> _YOUR INSTRUCTIONS_: With the pictures left aside, write out exactly the lines of the listing below from the line with "Baule da scuderia" to the line with "Довжини світлодіодної гірлянди", both included, and only those.
** Opening DATA TO EXAMINE block **
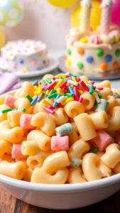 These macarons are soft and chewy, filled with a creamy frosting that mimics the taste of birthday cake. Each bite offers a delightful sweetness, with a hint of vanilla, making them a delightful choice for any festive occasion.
** Closing DATA TO EXAMINE block **
** Opening DATA TO EXAMINE block **
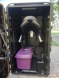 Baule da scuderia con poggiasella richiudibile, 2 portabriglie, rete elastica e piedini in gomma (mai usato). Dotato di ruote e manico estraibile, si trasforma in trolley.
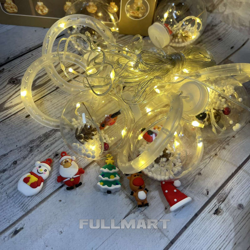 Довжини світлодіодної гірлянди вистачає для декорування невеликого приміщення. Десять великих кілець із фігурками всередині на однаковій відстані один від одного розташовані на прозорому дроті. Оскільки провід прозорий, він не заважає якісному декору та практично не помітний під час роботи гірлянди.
** Closing DATA TO EXAMINE block **
** Opening DATA TO EXAMINE block **
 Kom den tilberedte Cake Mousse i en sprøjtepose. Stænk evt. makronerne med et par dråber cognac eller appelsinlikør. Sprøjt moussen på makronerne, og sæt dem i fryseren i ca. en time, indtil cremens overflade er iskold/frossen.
** Closing DATA TO EXAMINE block **
> _RESULT OF THIS EXERCISE_:
 Baule da scuderia con poggiasella richiudibile, 2 portabriglie, rete elastica e piedini in gomma (mai usato). Dotato di ruote e manico estraibile, si trasforma in trolley.
 Довжини світлодіодної гірлянди вистачає для декорування невеликого приміщення. Десять великих кілець із фігурками всередині на однаковій відстані один від одного розташовані на прозорому дроті. Оскільки провід прозорий, він не заважає якісному декору та практично не помітний під час роботи гірлянди.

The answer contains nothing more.